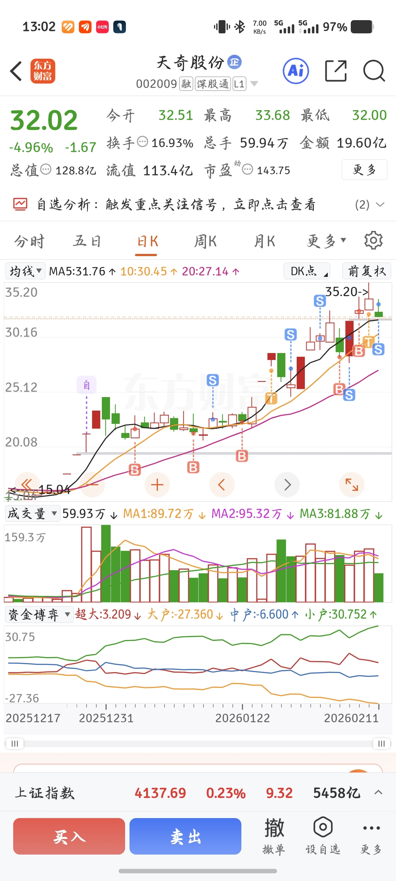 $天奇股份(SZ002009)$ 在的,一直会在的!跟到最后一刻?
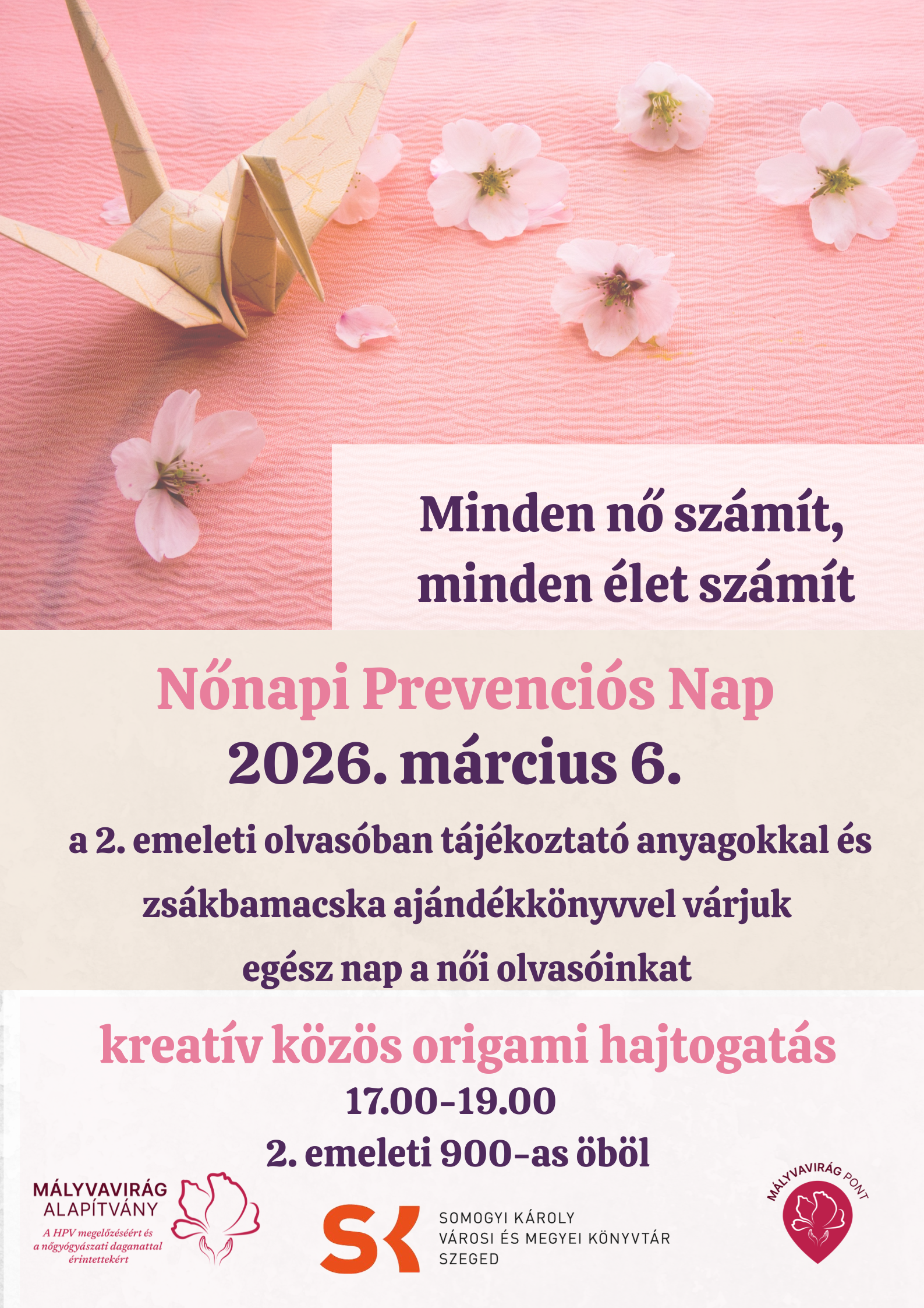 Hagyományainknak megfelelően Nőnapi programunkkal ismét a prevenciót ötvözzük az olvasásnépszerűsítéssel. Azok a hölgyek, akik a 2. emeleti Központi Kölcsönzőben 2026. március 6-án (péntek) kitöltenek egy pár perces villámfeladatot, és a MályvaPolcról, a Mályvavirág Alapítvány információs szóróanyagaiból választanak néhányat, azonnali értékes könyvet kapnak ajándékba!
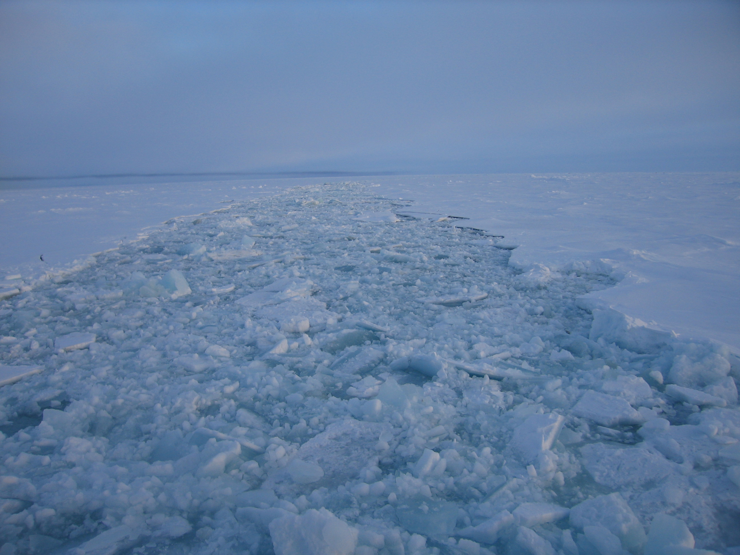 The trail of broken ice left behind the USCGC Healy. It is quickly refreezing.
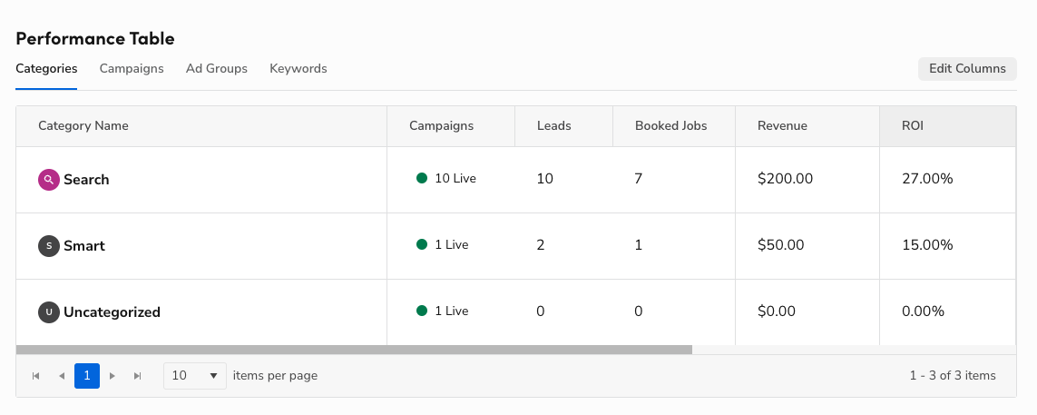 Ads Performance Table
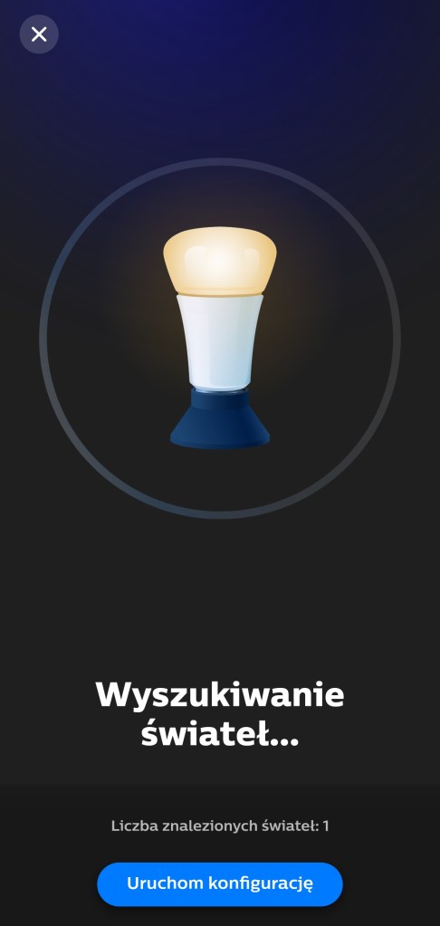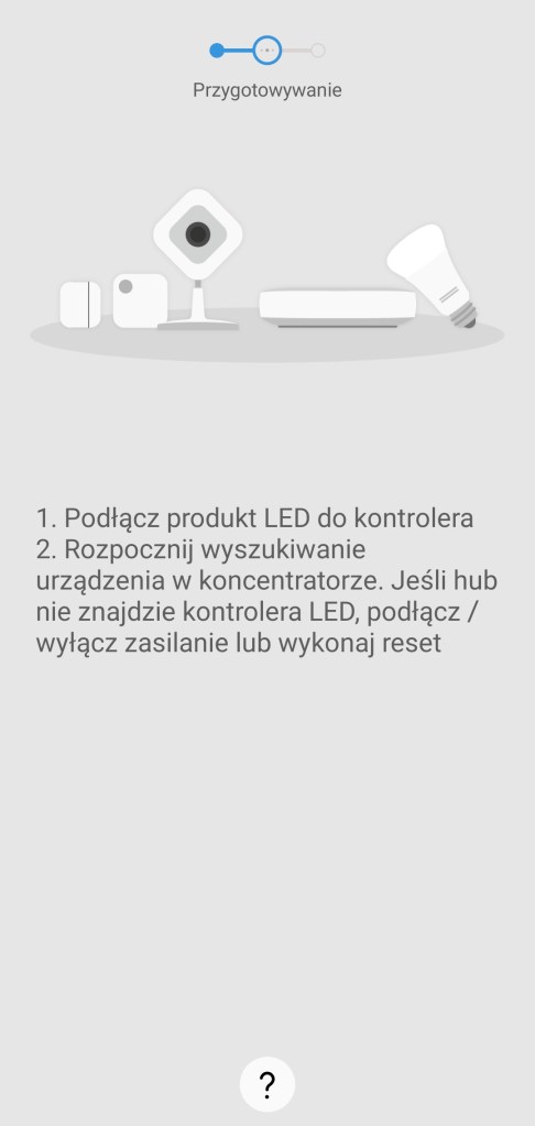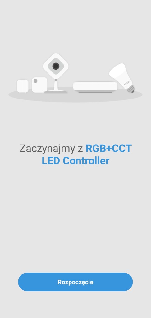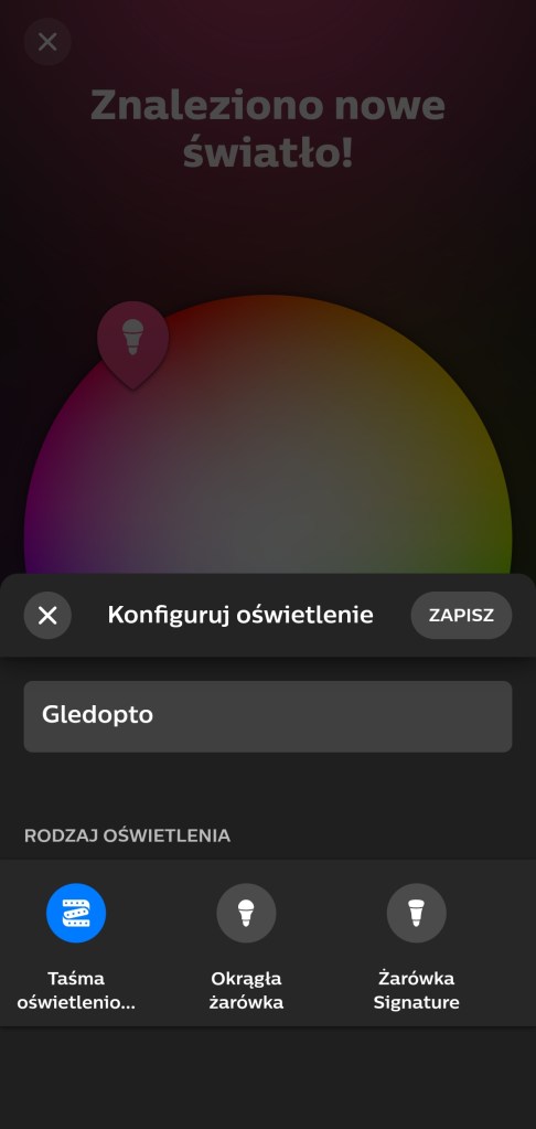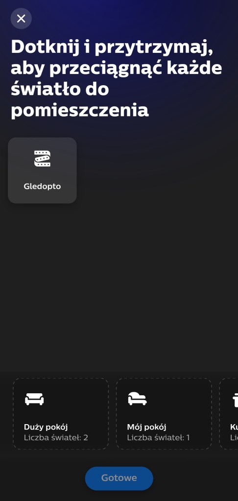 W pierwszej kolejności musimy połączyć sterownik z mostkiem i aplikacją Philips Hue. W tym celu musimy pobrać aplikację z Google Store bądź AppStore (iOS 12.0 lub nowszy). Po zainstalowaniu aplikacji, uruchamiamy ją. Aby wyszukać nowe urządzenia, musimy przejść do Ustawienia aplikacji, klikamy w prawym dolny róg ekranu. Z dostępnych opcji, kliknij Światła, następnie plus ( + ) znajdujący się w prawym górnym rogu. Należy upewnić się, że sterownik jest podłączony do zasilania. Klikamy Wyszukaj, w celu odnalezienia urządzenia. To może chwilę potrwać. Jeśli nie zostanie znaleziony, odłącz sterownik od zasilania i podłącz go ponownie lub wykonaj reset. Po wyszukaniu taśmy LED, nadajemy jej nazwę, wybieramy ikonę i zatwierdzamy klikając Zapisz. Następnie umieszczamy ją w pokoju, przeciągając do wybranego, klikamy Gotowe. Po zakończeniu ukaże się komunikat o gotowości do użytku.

* Task to complete *
Transcribe every record above in full. Pictures stay out of the copy.

* Exercise result *
 $天奇股份(SZ002009)$ 在的,一直会在的!跟到最后一刻?
 Hagyományainknak megfelelően Nőnapi programunkkal ismét a prevenciót ötvözzük az olvasásnépszerűsítéssel. Azok a hölgyek, akik a 2. emeleti Központi Kölcsönzőben 2026. március 6-án (péntek) kitöltenek egy pár perces villámfeladatot, és a MályvaPolcról, a Mályvavirág Alapítvány információs szóróanyagaiból választanak néhányat, azonnali értékes könyvet kapnak ajándékba!
 The trail of broken ice left behind the USCGC Healy. It is quickly refreezing.
 Ads Performance Table
 W pierwszej kolejności musimy połączyć sterownik z mostkiem i aplikacją Philips Hue. W tym celu musimy pobrać aplikację z Google Store bądź AppStore (iOS 12.0 lub nowszy). Po zainstalowaniu aplikacji, uruchamiamy ją. Aby wyszukać nowe urządzenia, musimy przejść do Ustawienia aplikacji, klikamy w prawym dolny róg ekranu. Z dostępnych opcji, kliknij Światła, następnie plus ( + ) znajdujący się w prawym górnym rogu. Należy upewnić się, że sterownik jest podłączony do zasilania. Klikamy Wyszukaj, w celu odnalezienia urządzenia. To może chwilę potrwać. Jeśli nie zostanie znaleziony, odłącz sterownik od zasilania i podłącz go ponownie lub wykonaj reset. Po wyszukaniu taśmy LED, nadajemy jej nazwę, wybieramy ikonę i zatwierdzamy klikając Zapisz. Następnie umieszczamy ją w pokoju, przeciągając do wybranego, klikamy Gotowe. Po zakończeniu ukaże się komunikat o gotowości do użytku.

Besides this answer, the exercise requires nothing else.